Zhang Tong, Dong Jinxin, Jiang Hua, Zhao Zuyao, Zhou Mengjiao, Yuan Tianting
School of Computer Science and Technology, Liaocheng University, Liaocheng, China.
College of Clinical Medicine, Shandong First Medical University and Shandong Academy of Medical Sciences, Jinan, China.
Front Bioeng Biotechnol. 2022 Dec 1;10:1000638. doi: 10.3389/fbioe.2022.1000638. eCollection 2022.
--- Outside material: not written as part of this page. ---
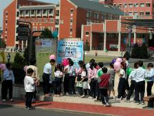 小朋友看完展览后手里拿着“法轮大法好”的气球还有一朵朵精美的小莲花,排队一起签名声援反迫害,要走时还一起大声喊着“法轮大法好!真善忍好!”路过的同学都会停下脚步观看。

Copy number variations (CNVs) significantly influence the diversity of the human genome and the occurrence of many complex diseases. The next-generation sequencing (NGS) technology provides rich data for detecting CNVs, and the read depth (RD)-based approach is widely used. However, low CN (copy number of 3-4) duplication events are challenging to identify with existing methods, especially when the size of CNVs is small. In addition, the RD-based approach can only obtain rough breakpoints. We propose a new method, CNV-PCC (detection of CNVs based on Principal Component Classifier), to identify CNVs in whole genome sequencing data. CNV-PPC first uses the split read signal to search for potential breakpoints. A two-stage segmentation strategy is then implemented to enhance the identification capabilities of low CN duplications and small CNVs. Next, the outlier scores are calculated for each segment by PCC (Principal Component Classifier). Finally, the OTSU algorithm calculates the threshold to determine the CNVs regions. The analysis of simulated data results indicates that CNV-PCC outperforms the other methods for sensitivity and F1-score and improves breakpoint accuracy. Furthermore, CNV-PCC shows high consistency on real sequencing samples with other methods. This study demonstrates that CNV-PCC is an effective method for detecting CNVs, even for low CN duplications and small CNVs.
拷贝数变异(CNVs)显著影响人类基因组的多样性以及许多复杂疾病的发生。下一代测序(NGS)技术为检测CNVs提供了丰富的数据,基于读深度(RD)的方法被广泛使用。然而,低拷贝数(拷贝数为3 - 4)的重复事件使用现有方法难以识别,特别是当CNVs的大小较小时。此外,基于RD的方法只能获得大致的断点。我们提出了一种新的方法,即CNV - PCC(基于主成分分类器的CNVs检测方法),用于在全基因组测序数据中识别CNVs。CNV - PPC首先利用分裂读信号搜索潜在断点。然后实施两阶段分割策略以增强对低拷贝数重复和小CNVs的识别能力。接下来,通过主成分分类器(PCC)为每个片段计算异常值分数。最后,使用大津算法计算阈值以确定CNVs区域。模拟数据结果分析表明,CNV - PCC在灵敏度和F1分数方面优于其他方法,并提高了断点准确性。此外,CNV - PCC与其他方法在真实测序样本上具有高度一致性。这项研究表明,CNV - PCC是一种检测CNVs的有效方法,即使对于低拷贝数重复和小CNVs也是如此。